(Assignment) Output the listing below verbatim, without images.

---------- Recorded data ----------

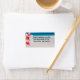 Living by the sea, tropical themed return address labels. Printed black text over a beach scene with aquamarine water and smooth sand. Bright pink Hawaiian plumeria flowers decorate the edge. Choose any size label. More lines of text can be added to this larger size.
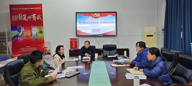 2025年1月14日上午,人文科学学院党总支在教学楼b207会议室召开党员大会进行党总支委员会换届选举,会议由党总支书记薛景主持。
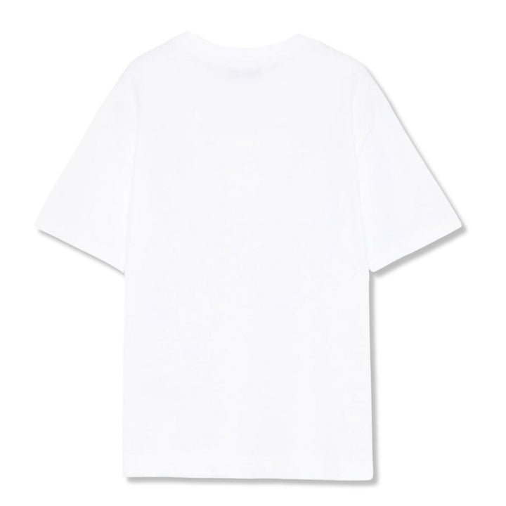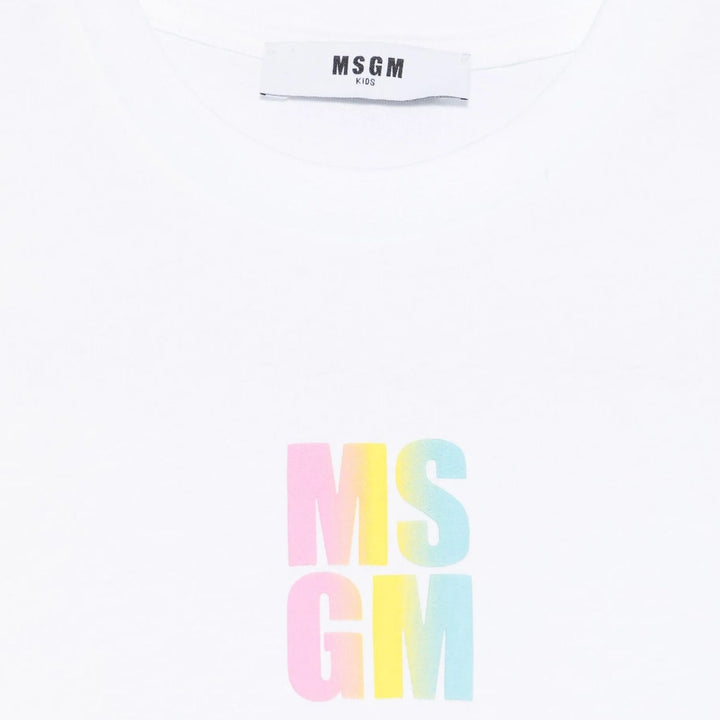 Bright and stylish, this White jersey T-shirt from MSGM Kids adds a playful pop of color to any outfit. Made in Italy from 1% cotton, it features sleek logo-tape detailing along the sleeves, a classic crew neck, and short sleeves for a relaxed fit. P

----------

(Solution for this exercise)
 Living by the sea, tropical themed return address labels. Printed black text over a beach scene with aquamarine water and smooth sand. Bright pink Hawaiian plumeria flowers decorate the edge. Choose any size label. More lines of text can be added to this larger size.
 2025年1月14日上午,人文科学学院党总支在教学楼b207会议室召开党员大会进行党总支委员会换届选举,会议由党总支书记薛景主持。
 Bright and stylish, this White jersey T-shirt from MSGM Kids adds a playful pop of color to any outfit. Made in Italy from 1% cotton, it features sleek logo-tape detailing along the sleeves, a classic crew neck, and short sleeves for a relaxed fit. P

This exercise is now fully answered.